🤖 AI Summary
This work addresses two key challenges in embodied emotion recognition—namely, the difficulty of identifying emotions grounded in bodily sensations and physical experiences, and the limitation of existing datasets to coarse-grained categories (e.g., Ekman’s six basic emotions). To this end, we introduce CHEER-Ekman, the first fine-grained embodied emotion classification dataset. Methodologically, we extend embodied emotion modeling to a six-class framework for the first time and propose a large language model (LLM)-based Best-Worst Scaling (BWS) annotation paradigm.
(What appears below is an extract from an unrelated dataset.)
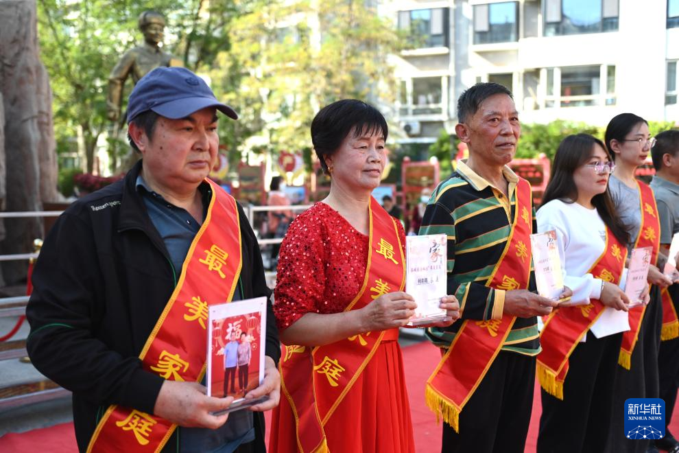 9月25日,居民在长城花园社区广场领社区“最美家庭”奖。

We further demonstrate that simplified prompting and chain-of-thought (CoT) reasoning significantly enhance small-model performance. Experiments show that CHEER-Ekman effectively supports embodied emotion modeling; our approach outperforms supervised learning baselines on the new benchmark; and optimized small models achieve accuracy comparable to LLMs—offering an efficient, resource-conscious alternative for deployment-constrained scenarios.
📝 Abstract
Emotions manifest through physical experiences and bodily reactions, yet identifying such embodied emotions in text remains understudied. We present an embodied emotion classification dataset, CHEER-Ekman, extending the existing binary embodied emotion dataset with Ekman's six basic emotion categories. Using automatic best-worst scaling with large language models, we achieve performance superior to supervised approaches on our new dataset. Our investigation reveals that simplified prompting instructions and chain-of-thought reasoning significantly improve emotion recognition accuracy, enabling smaller models to achieve competitive performance with larger ones.